Don’t get fooled by scores as well from paid tools like Ahrefs and Semrush as well. Again, these are third party vanity metrics search engines and AI does not pay attention to. Same goes for Google PageSpeed Insights. (PSI) Yes, it’s important for your website to low quick as this provides a better user experience. You don’t want people to jump off your website if it takes 4 seconds to load. You should test your page load performance and Core Web Vitals against Google’s benchmarks. Flags specific issues like render-blocking scripts, unoptimised images, and poor server response times. Don’t mistake this for ranking thought. Having a 100/100 score on PSI will not rank you higher than a competitor with higher authority.
Ranking comes from something no plugin can give you: backlinks from other high-quality websites that signal to Google or Bing your site is worth trusting. That’s the work that actually makes you rank higher.
Use an SEO plugin to manage the technical housekeeping. But don’t confuse that with SEO strategy.
When Should You Pay for SEO Tools?
Paid tools like Ahrefs, Semrush, and Moz are genuinely powerful. They give you deeper keyword data, full backlink analysis, rank tracking, and competitive intelligence at a scale the free alternatives can’t match. Here are PrimaryRush, we use these tools.

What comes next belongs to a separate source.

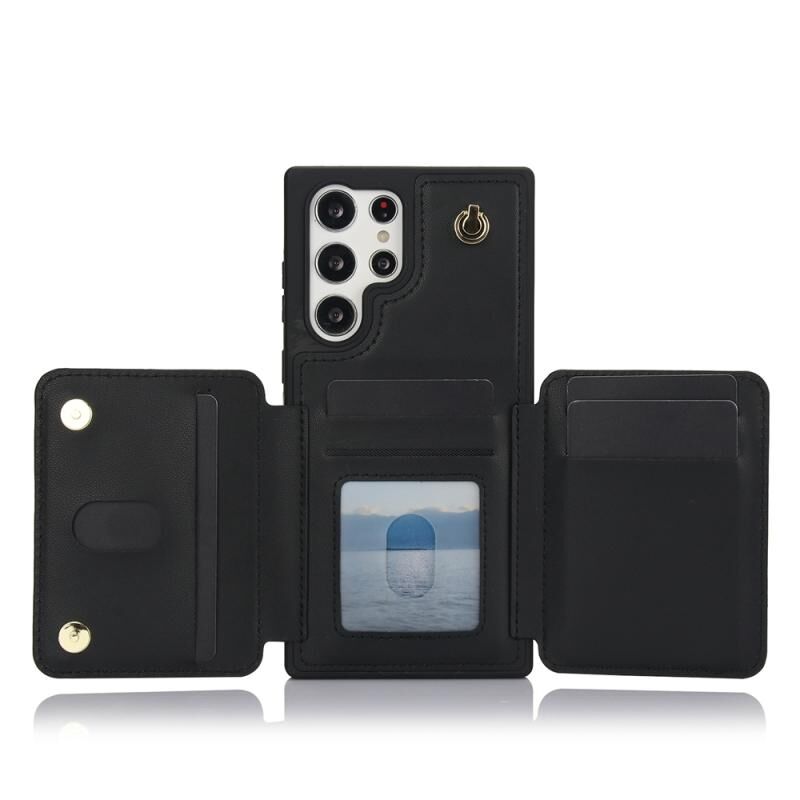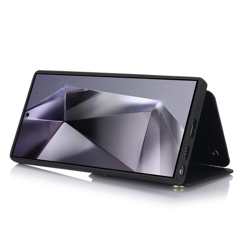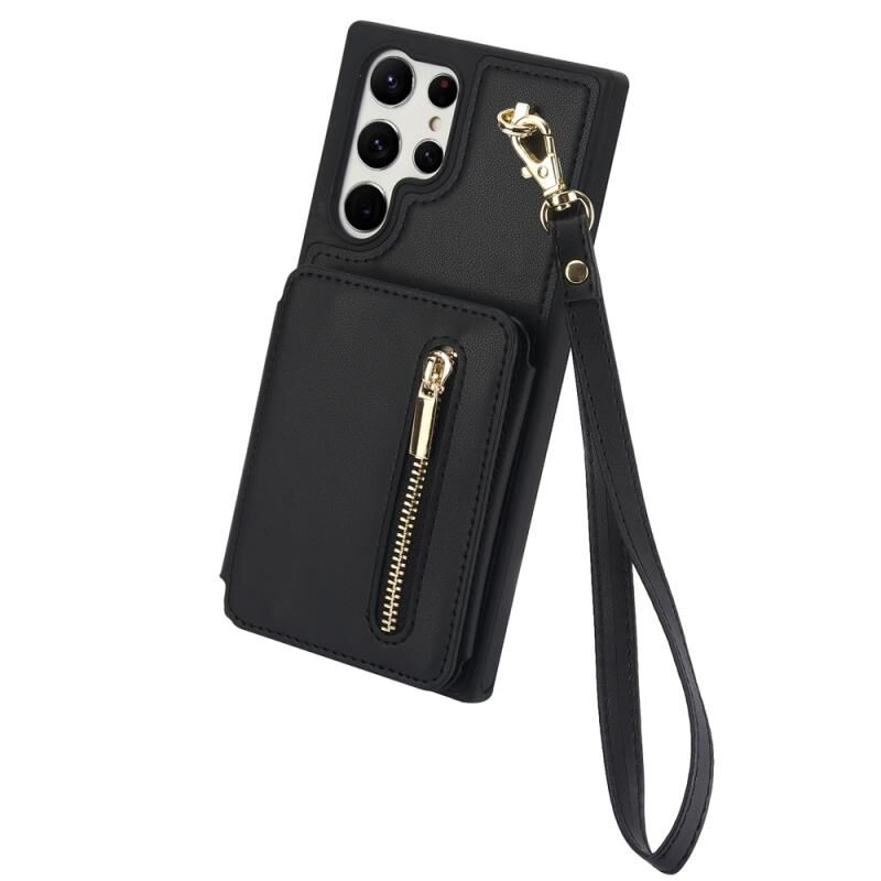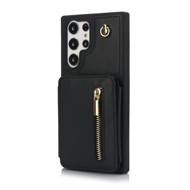 Για Samsung Galaxy S24 Ultra 5G YM006 δέρμα αίσθηση φερμουάρ κάρτα τσάντα υπόθεση τηλεφώνου με διπλό κορδόνι (Μαύρο)

But they make sense once you have a clear strategy, know what you’re trying to measure, and have enough site activity to make the data meaningful. Paying hundreds of dollars or euro a month for tools you don’t yet know how to act on is a fast way to burn budget without seeing results.
Start with the free tools. Get familiar with how your site performs in Google Search Console. Learn what your target keywords are. Run a Screaming Frog crawl and fix the obvious issues. Track your traffic in GA4.
Once the free tools start feeling limiting, for example you ou find yourself wanting deeper competitor data, bulk rank tracking, or full backlink analysis that’s the signal to start evaluating paid options. This also include when you want to track SERPs daily. You can export data from these tools in a spreadsheet and track that way but it can be time consuming.
The tools don’t do the SEO. They show you where to focus. And for a long time, free tools are more than enough to guide that focus effectively.